§ MATERIAL FOR THIS EXERCISE
++++++++++++++++++++

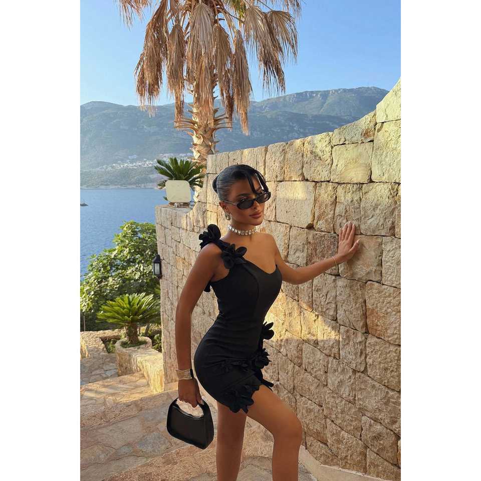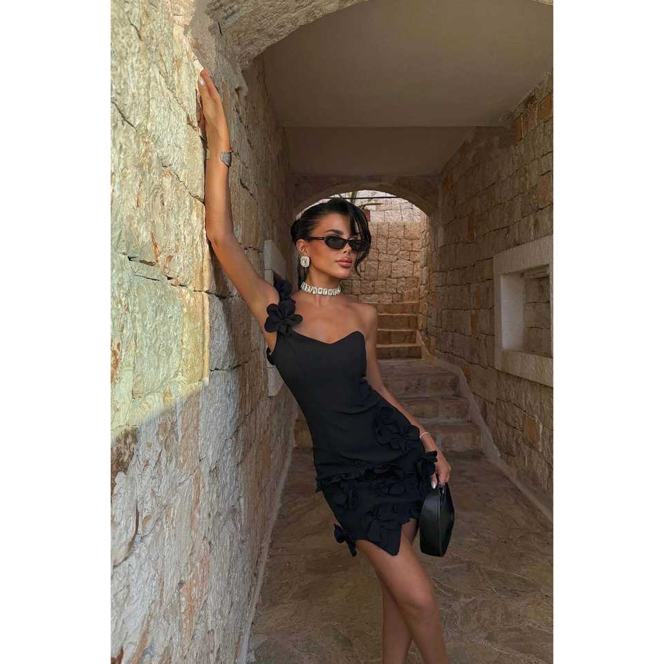 เดรสสั้นลายดอกไม้สีดำสำหรับผู้หญิง สไตล์ลำลอง คอเปลือย แต่งลายฉลุ ไซส์พลัส รับสกรีนโลโก้ ฟรีไซส์ สำหรับใส่ไปเที่ยวกลางวัน
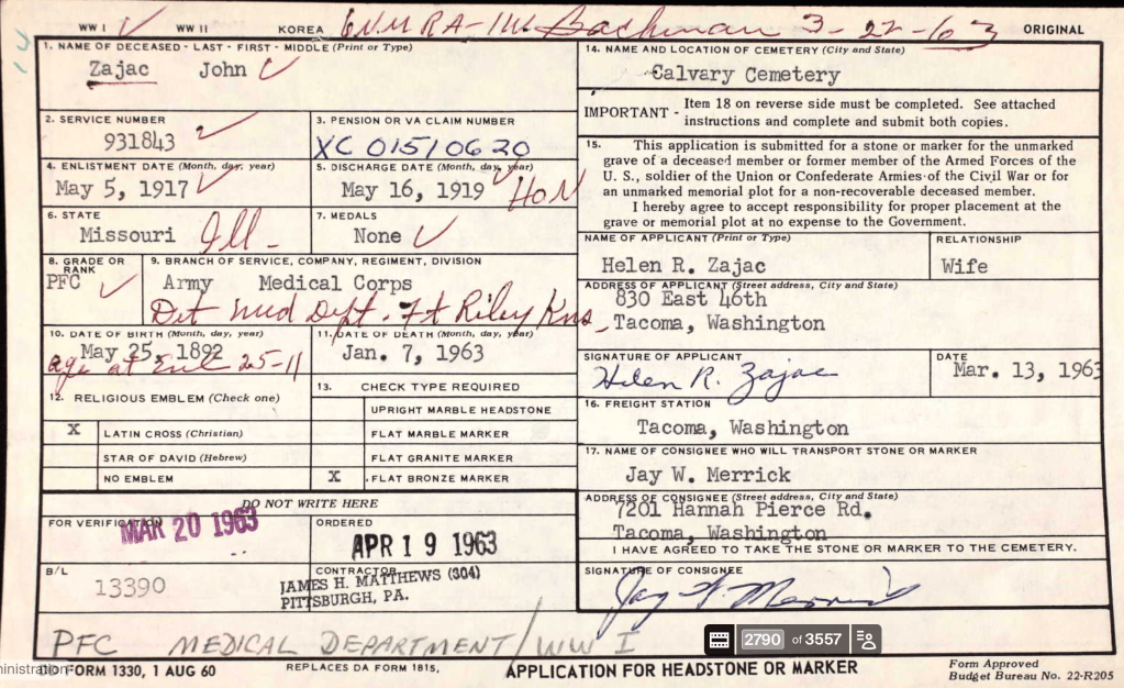 John A. Zajzc enlisted into the military on May 5, 1917 while living in Chicago. He was honorably discharged on May 16, 1919. His gravestone says MO PFC Med. Dept. WWI. Does anyone have any information or stories of his military service?
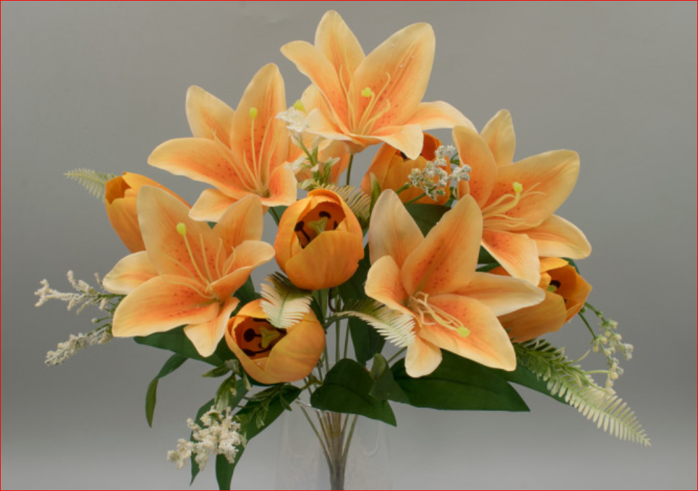 Букет атласных Лилий и Тюльпанов 44 см. в высоту (10-11 бутонов). 300306473
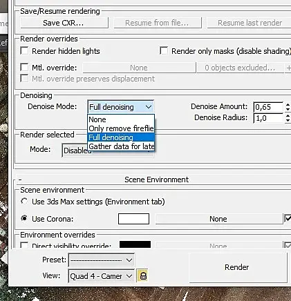 не работает Denoise Mode, после кнопки Стоп сразу останавливается рендер не "делая " denoise
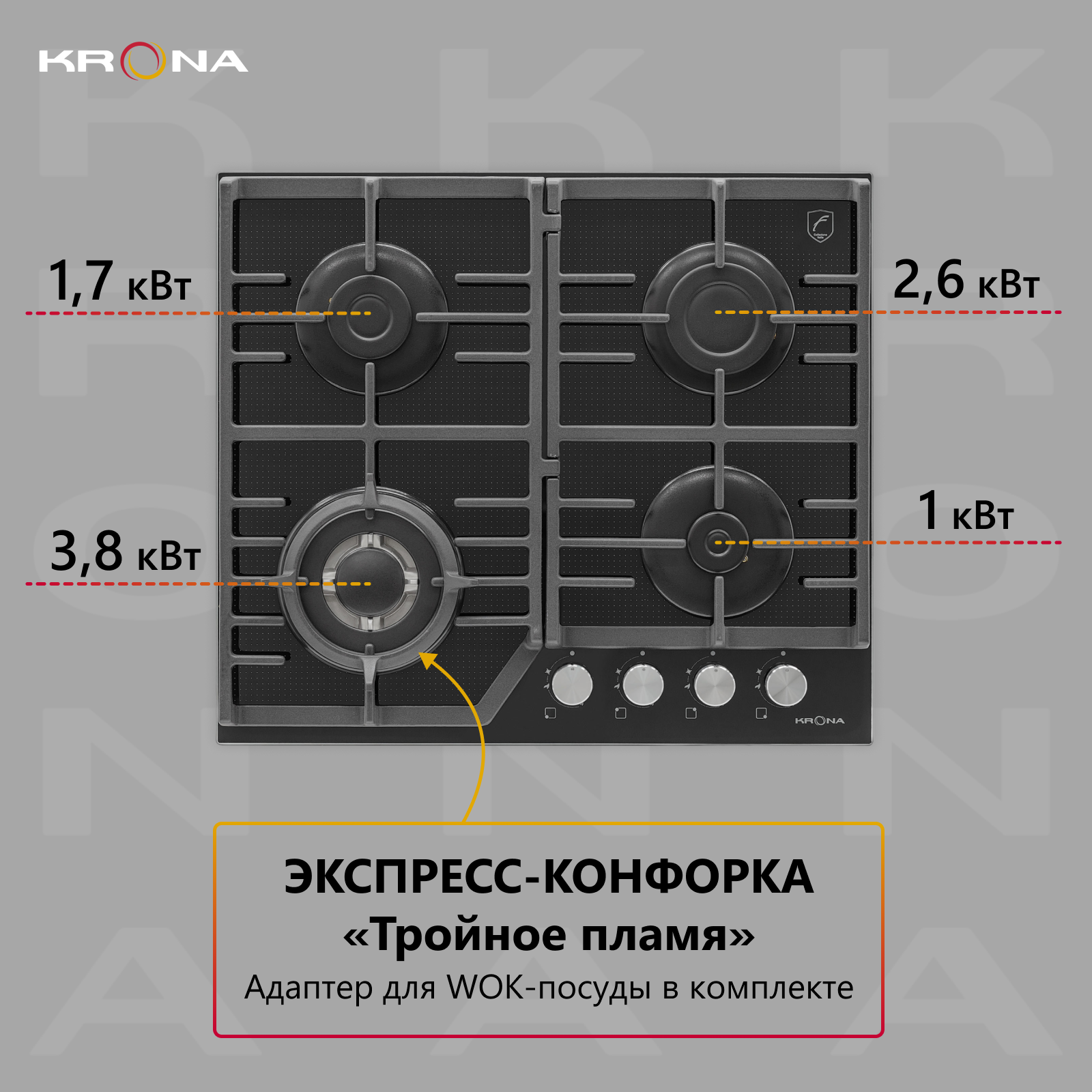 Поверхность газовая KRONA ARDENTE 60 BL черный (стекло, чугун, г/к, WOK)

++++++++++++++++++++

§ TASK GOAL
Nothing is needed beyond an exact transcription of the lines from the one containing "John A. Zajzc" to the end of the entries above, with the pictures omitted.

§ RESULT OF THIS TASK
 John A. Zajzc enlisted into the military on May 5, 1917 while living in Chicago. He was honorably discharged on May 16, 1919. His gravestone says MO PFC Med. Dept. WWI. Does anyone have any information or stories of his military service?
 Букет атласных Лилий и Тюльпанов 44 см. в высоту (10-11 бутонов). 300306473
 не работает Denoise Mode, после кнопки Стоп сразу останавливается рендер не "делая " denoise
 Поверхность газовая KRONA ARDENTE 60 BL черный (стекло, чугун, г/к, WOK)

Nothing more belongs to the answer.